### Task details
Range to output from the entries below: the line containing "Perfect for garden" through the line containing "The Dog Drying". Set it down exactly, ends included, nothing else.

### Data supplied
※

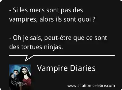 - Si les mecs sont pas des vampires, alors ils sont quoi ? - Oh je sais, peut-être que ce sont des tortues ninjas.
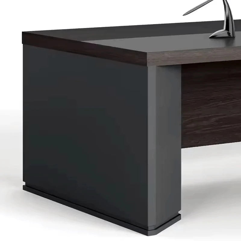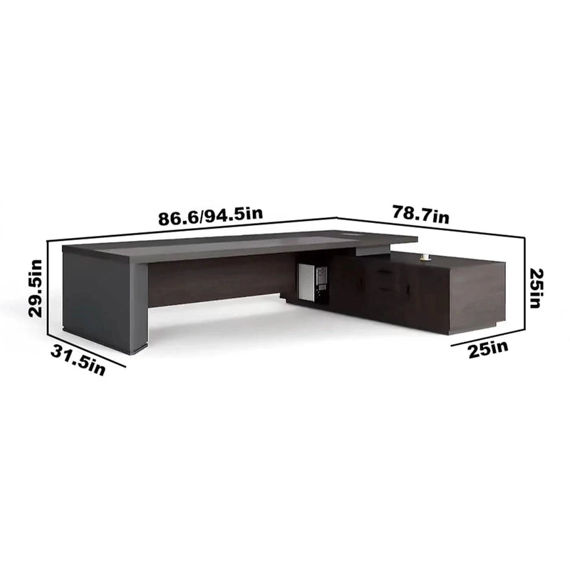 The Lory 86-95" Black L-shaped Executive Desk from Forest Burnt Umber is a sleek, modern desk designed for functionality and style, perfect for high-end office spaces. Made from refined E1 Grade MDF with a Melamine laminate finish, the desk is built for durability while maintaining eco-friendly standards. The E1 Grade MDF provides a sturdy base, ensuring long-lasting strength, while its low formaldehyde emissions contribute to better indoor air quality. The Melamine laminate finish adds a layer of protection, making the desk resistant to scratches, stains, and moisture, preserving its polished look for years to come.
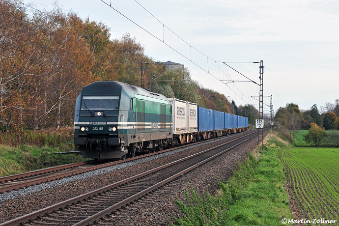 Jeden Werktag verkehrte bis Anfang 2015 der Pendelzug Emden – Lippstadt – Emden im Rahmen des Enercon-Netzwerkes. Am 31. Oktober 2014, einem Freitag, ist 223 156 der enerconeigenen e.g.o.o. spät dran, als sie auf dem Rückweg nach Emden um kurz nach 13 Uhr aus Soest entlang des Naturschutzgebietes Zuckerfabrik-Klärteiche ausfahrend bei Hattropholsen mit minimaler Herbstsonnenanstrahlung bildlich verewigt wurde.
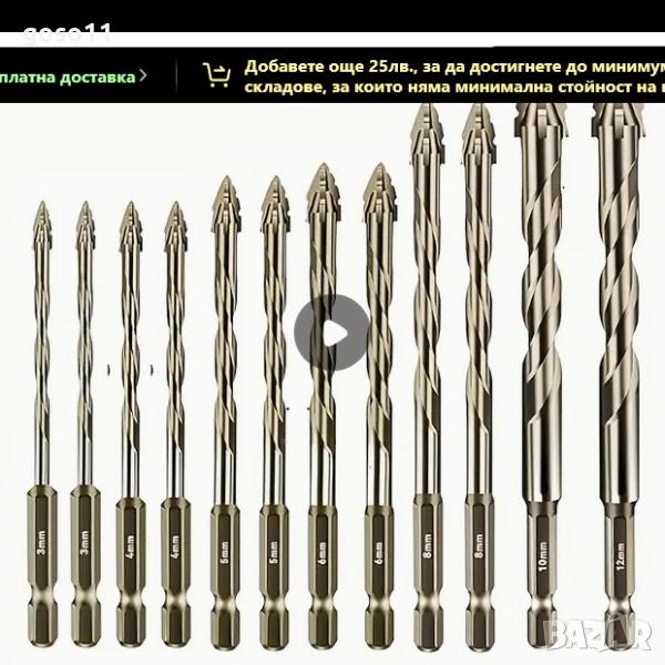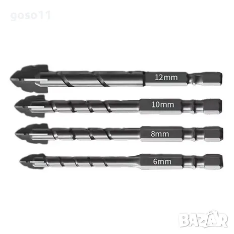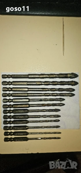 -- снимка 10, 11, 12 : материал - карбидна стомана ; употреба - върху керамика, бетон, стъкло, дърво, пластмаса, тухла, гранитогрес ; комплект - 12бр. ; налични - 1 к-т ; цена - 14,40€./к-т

※

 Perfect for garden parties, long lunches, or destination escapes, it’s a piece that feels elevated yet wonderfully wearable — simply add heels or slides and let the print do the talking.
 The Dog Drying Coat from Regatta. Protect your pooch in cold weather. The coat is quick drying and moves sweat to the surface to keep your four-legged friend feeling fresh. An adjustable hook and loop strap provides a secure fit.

※

### Exercise solution
 Perfect for garden parties, long lunches, or destination escapes, it’s a piece that feels elevated yet wonderfully wearable — simply add heels or slides and let the print do the talking.
 The Dog Drying Coat from Regatta. Protect your pooch in cold weather. The coat is quick drying and moves sweat to the surface to keep your four-legged friend feeling fresh. An adjustable hook and loop strap provides a secure fit.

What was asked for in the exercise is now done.